It is not out of the question that Democrats could hold the House (or add a few seats), win the White House and win the Senate majority in 2020. It does not mean it’s very likely, but chances of a clean sweep improve every day, so long as Democrats do not pick a weak presidential nominee.

The Senate certainly is in play. Charlie Cook explains that this year “23 GOP seats up to only 12 for Democrats . . . [which] is the opposite of 2018, when Democrats had 26 seats up to just nine for Republicans.” It is true that while Democrats in 2018 had a lot of red-state seats to defend, Republicans this time, theoretically, do not have vulnerable senators in deep-blue states. However, they’ve got plenty to worry about.

Republican Sens. Susan Collins of Maine and Cory Gardner of Colorado run in states Trump lost in 2016. Both are vulnerable as their party moves far to the right and they choose to march in lockstep.
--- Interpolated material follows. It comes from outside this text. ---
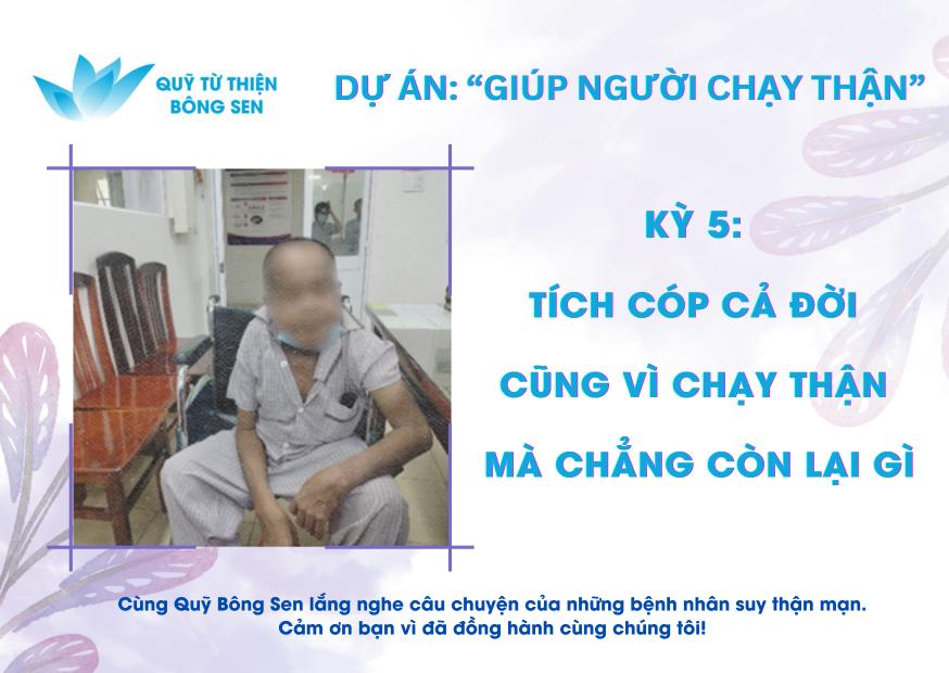 Chú Võ V. P. (1967) tính đến năm nay đã chạy thận được 21 năm. Trước đây chú làm thợ cơ khí nhưng do chạy thận nhiều năm sức khỏe giảm sút nên trong một lần làm việc chú tự té ngã dẫn đến gãy hai chân và ảnh hưởng xương sống. Kể từ đó chú cũng mất việc và phải di chuyển bằng xe lăn. Việc đổ bệnh khiến kinh tế của chú P. khó khăn đến mức phải bán nhà để chạy chữa. Sau ly hôn, chú P. chuyển đến sống chung với em gái là công nhân may. Thương anh bệnh tật không có ai chăm sóc, em gái chú P. mỗi tháng đều gửi chú 5 triệu để lo viện phí, sinh hoạt và phí di chuyển taxi chạy thận. 5 triệu có lẽ là con số lớn với nhiều người nhưng đối với chú P. thì không đủ dù đã cố gắng chắt bóp dè sẻn.

Both face strong challengers, Maine’s Democratic state House Speaker Sara Gideon and former Democratic governor John Hickenlooper, respectively.

A batch of other states the Democrats have a shot to flip at the presidential level also offer Democratic pickup chances. Republicans in Georgia will have to defend one vacant seat, and the other just recently filled with a rich businesswoman, Kelly Loeffler, who President Trump did not favor. North Carolina’s incumbent Sen. Thom Tillis likely will face a strong challenger in Cal Cunningham, who led Tillis by 2 points in a Public Policy Polling poll last fall. Sen. Martha McSally (R-Ariz.), who lost her race in 2018 but was appointed to the seat once held by the late Sen. John McCain, is trailing a strong opponent in polling (former Rep. Gabrielle Giffords’s husband and astronaut Mark Kelly) in an increasingly purple state.

If things really go Democrats’ way, Sen. Joni Ernst (R-Iowa), who has been running from impeachment questions, could be vulnerable. As could Sen. John Cornyn in Texas (where a slew of Republican House members are retiring thanks to the state’s increasing Democratic tilt), where Cornyn’s approval was well below 50 percent. Indeed, not a single incumbent in these states had an approval rating in last year’s Morning Consult poll over 44 percent.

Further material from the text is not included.